The cards tell us that these flowers were described by the Editor of "Amateur Gardening", and at the time of the set`s issue that was A.J. Macself, who had been the assistant editor, and took the chair in 1926, when the editor incumbent, T.W. Sanders, had died.
Albert James Macself had been born in 1878, and he became a valued member of the Hardy Plant Society, his great love being ferns, but he wrote many books on plants and gardening as well as edit the magazine. He edited his last magazine in 1946 and died in 1952.
Actually he was older than Amateur Gardening, but not by much, as the weekly magazine had started in May 1884, which does indeed make it the longest running amateur gardening weekly in the United Kingdom.

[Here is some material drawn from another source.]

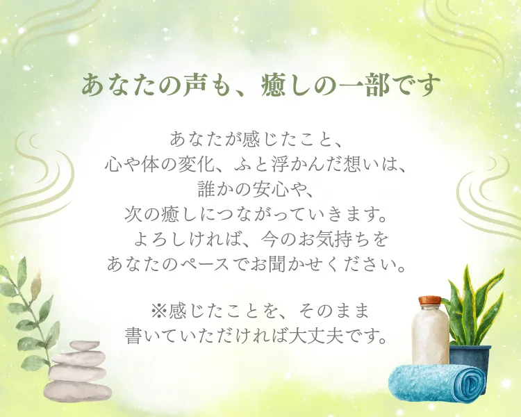 みなさまの率直なお声をいただくことで、より良いサロンづくりにご協力ください。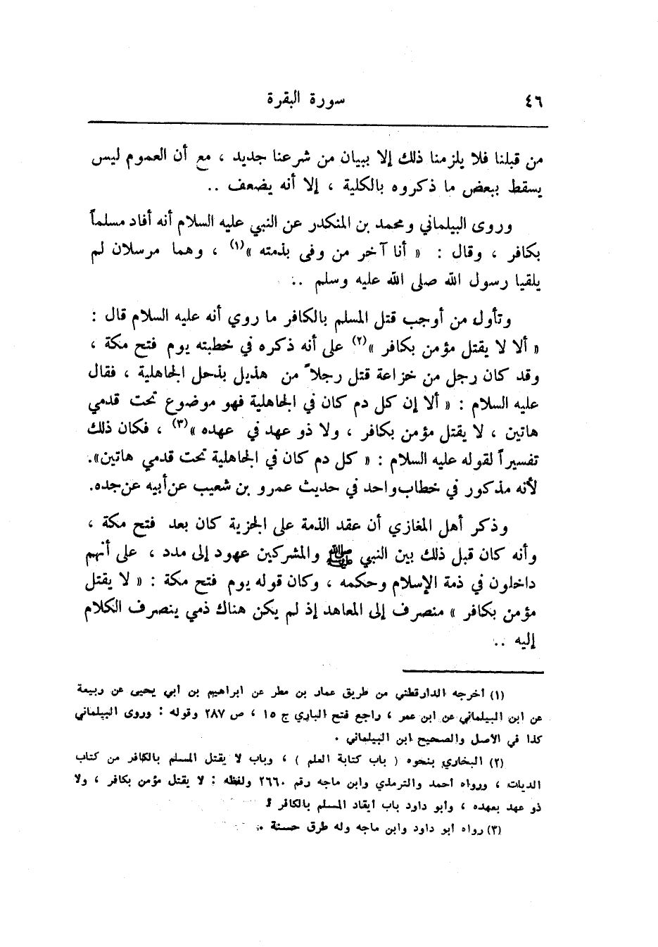 (2) البخاري بنحوه (باب كتابة العلم) ، وباب لا يقتل المسلم بالكافر من كتاب الديات، ورواه أحمد والترمذي وابن ماجة رقم 2660 ولفظه: لا يقتل مؤمن بكافر، ولا ذو عهد بعهده، وأبو داود باب أيقاد المسلم بالكافر؟

The reason for this card is that irises are also known as flags, in some cases it appears as part of their official name, but it actually refers to their shape, not the similarity in noise to the flapping of a flag and the flapping of their long petals in the breeze, but to their leaves, and it is actually nothing to do with flags at all, for the word “flagge” comes all the way up from Old English, and means a rush or a reed, which applies to the shape of their leaves. This is also strangely interconnected to their habitat, because just like rushes, and reeds, the true flag iris is wild and grows in swamps, which makes them an ideal spot of colour for a pond.
In 1950 The London Cigarette Card Company listed these cards at a penny each for odds, and four shillings for complete sets, whilst freely admitting that they were cheaper in the Abridged Catalogue.